Component Body Parsing
Inside a component body, the parser expects one of:
let/let mut– state fieldsignal– reactive signal fieldfn– methodstyle– scoped CSS blocktransition– CSS transition declarationsrender– template render blockerror_boundary– error handling with fallback UI
Store Body Parsing
Inside a store body:
signal– reactive state fieldaction/async action– mutation methodscomputed– derived valueseffect– side-effect callbacks
Borrow Checker
File:
compiler/src/borrow_checker.rs
Nectar implements a simplified version of Rust’s borrow checker to catch memory safety issues at compile time.
Ownership Model
Every value has a single owner. When a value is assigned to a new binding, ownership is moved and the original binding becomes invalid:
let a = create_data();
let b = a; // ownership moves to b
// a is no longer valid
Borrow Rules
The borrow checker enforces these rules:
- At any time, you can have either one mutable
reference (
&mut) or any number of immutable references (&), but not both simultaneously. - References must always be valid – a reference cannot outlive the data it points to.
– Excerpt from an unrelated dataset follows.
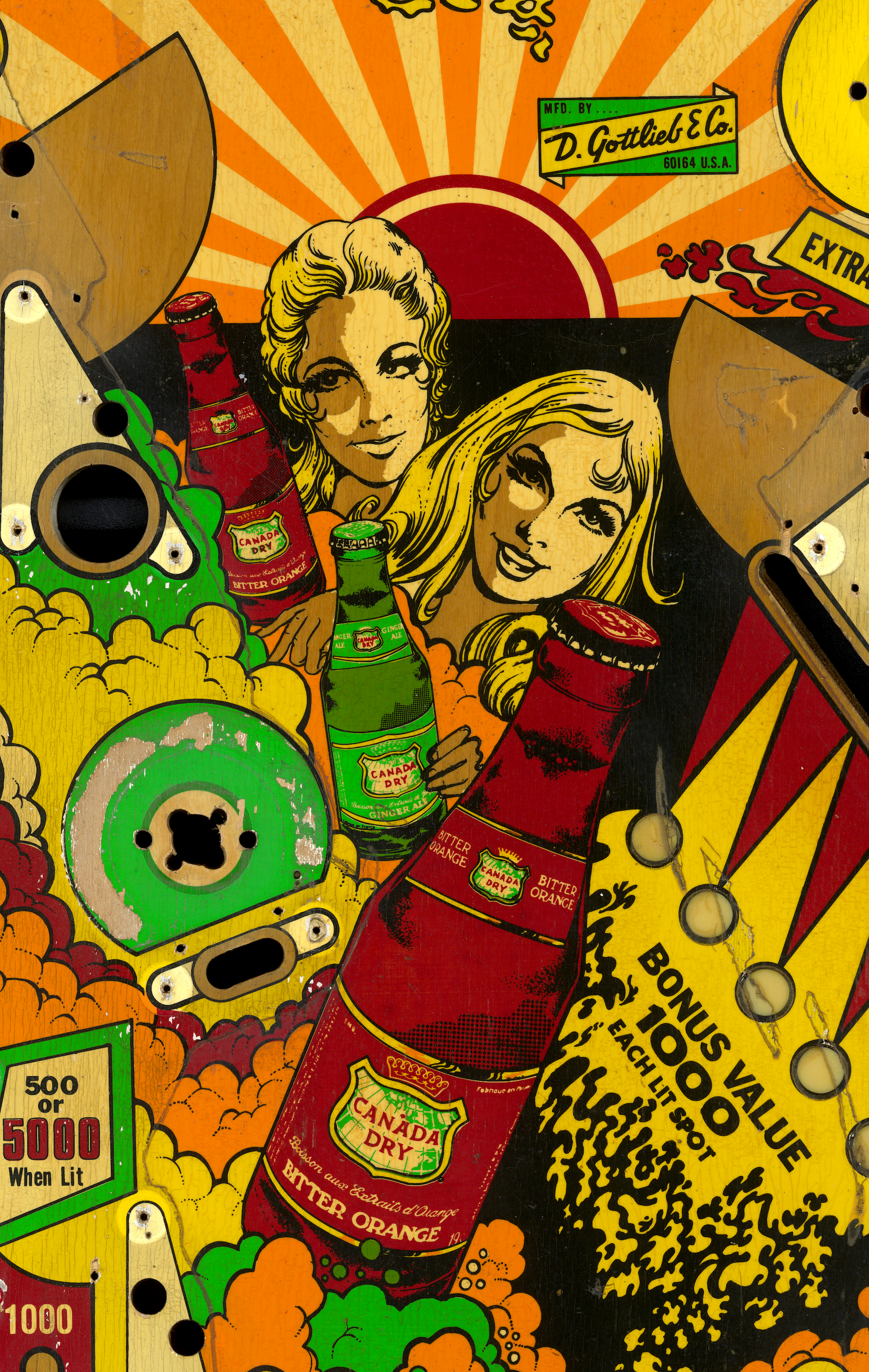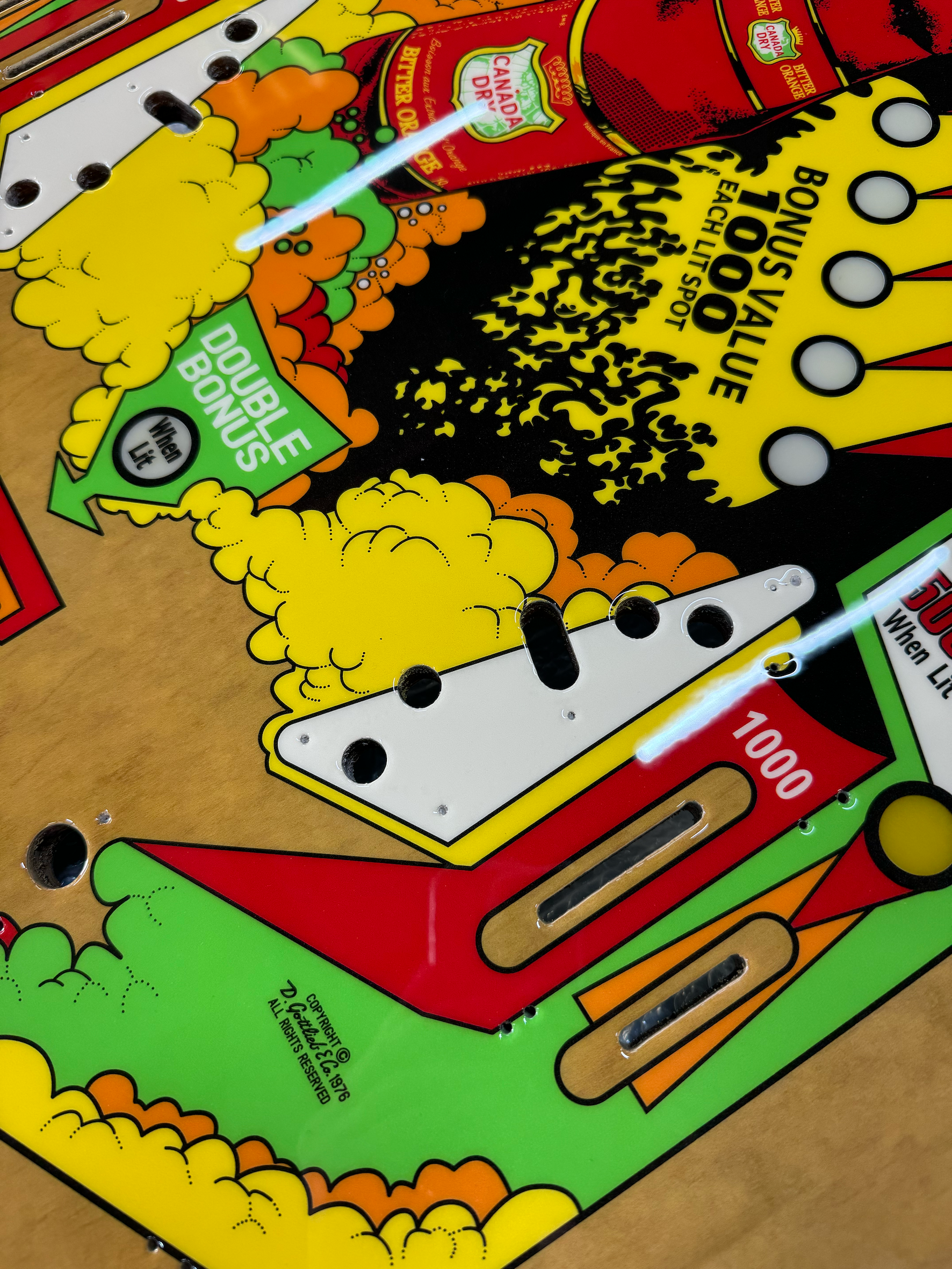 Rénovation d'un plateau de flipper "Canada Dry" avec FlippersCollection. Les photos du haut sont après rénovation et celle du bas avant rénovation. Travail de rafraichissement, sérigraphie industrielle et vernissage, comme neuf !

- No use after move – once a value is moved, the original binding cannot be used.
Error Types
| Error Kind | Description |
|---|---|
UseAfterMove |
Value used after being moved to another binding |
DoubleMutBorrow |
Two simultaneous mutable borrows of the same value |
MutBorrowWhileImmBorrowed |
Mutable borrow while immutable borrows exist |
ImmBorrowWhileMutBorrowed |
Immutable borrow while a mutable borrow exists |
BorrowOutlivesScope |
Reference outlives the scope of the borrowed value |
AssignWhileBorrowed |
Assignment to a variable that is currently borrowed |
LifetimeViolation |
Named lifetime constraint is violated |
MissingLifetimeAnnotation |
Lifetime annotation required but not provided |
Implementation
The checker maintains a VarState for each variable
binding:
- Owned – the variable owns its value, not borrowed
- Moved – the value has been moved elsewhere
- Borrowed { count } – immutably borrowed
counttimes - MutBorrowed – mutably borrowed
It walks the AST, updating states as it encounters let bindings, assignments, borrows, and function calls. Scope boundaries trigger cleanup of borrows created within that scope.
Lifetime Validation
When functions have lifetime parameters (e.g.,
<'a>), the checker validates that:
- Returned references have a lifetime that matches or outlives the function’s declared lifetime
- References stored in data structures have appropriate lifetime annotations
- Lifetime elision rules are applied correctly for common patterns
Type Checker
File: compiler/src/type_checker.rs
Nectar uses Hindley-Milner type inference with unification.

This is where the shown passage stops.